The EAT was critical of the tribunal for limiting the pool to an older
cross section of the workforce "for whom retirement has some meaning"
as that introduced a subjective element.

The EAT also considered the arguments advanced by the Government to justify
the implementation of the upper age limits. Three main policy justifications
were given: the need to predict and plan for future recruitment needs; the need
to encourage employment among over 65s; and the need to plan for advancement of
more junior employees.

In relation to redundancy payments, the Government’s justification was based
on the reduced expectation of continued employment after pensionable age.

The EAT accepted the Government’s position and concluded that even if the
upper age limits were discriminatory, that could be objectively justified.

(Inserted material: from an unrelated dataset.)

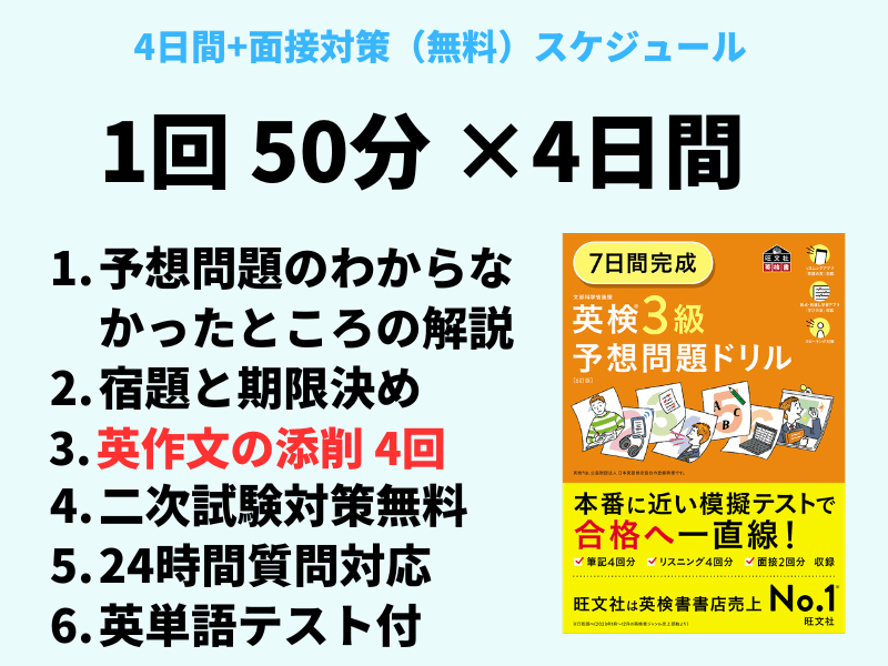 ※ライティングの添削は必ずいたしますので

The EAT recognised this case was effectively an attempt to bring a claim for
age discrimination within the constraints of a sex discrimination claim.

The EAT also expressed sympathy with the Government’s position that it was
actively engaged in consultation in relation to age discrimination legislation
(to be introduced in 2006) and it would be premature to take a view on the
social policy merits of abandoning the upper age limits until those changes had
been considered in a planned and systematic way.

What you should do

– Clearly, this is a helpful decision for employers wanting to dismiss
employees over the normal retirement age. Employers should check whether there
is a contractual normal retirement age or whether the default provisions apply

– It is clear that the landscape will change with the implementation of age
discrimination legislation.  You should
be actively looking now at what impact this legislation may have on your
workforce when it is introduced in three years

– Until it is known whether the decision will be appealed to the Court of
Appeal it may still be safer to apply the same procedural safeguards as you
would to employees below the upper age limit.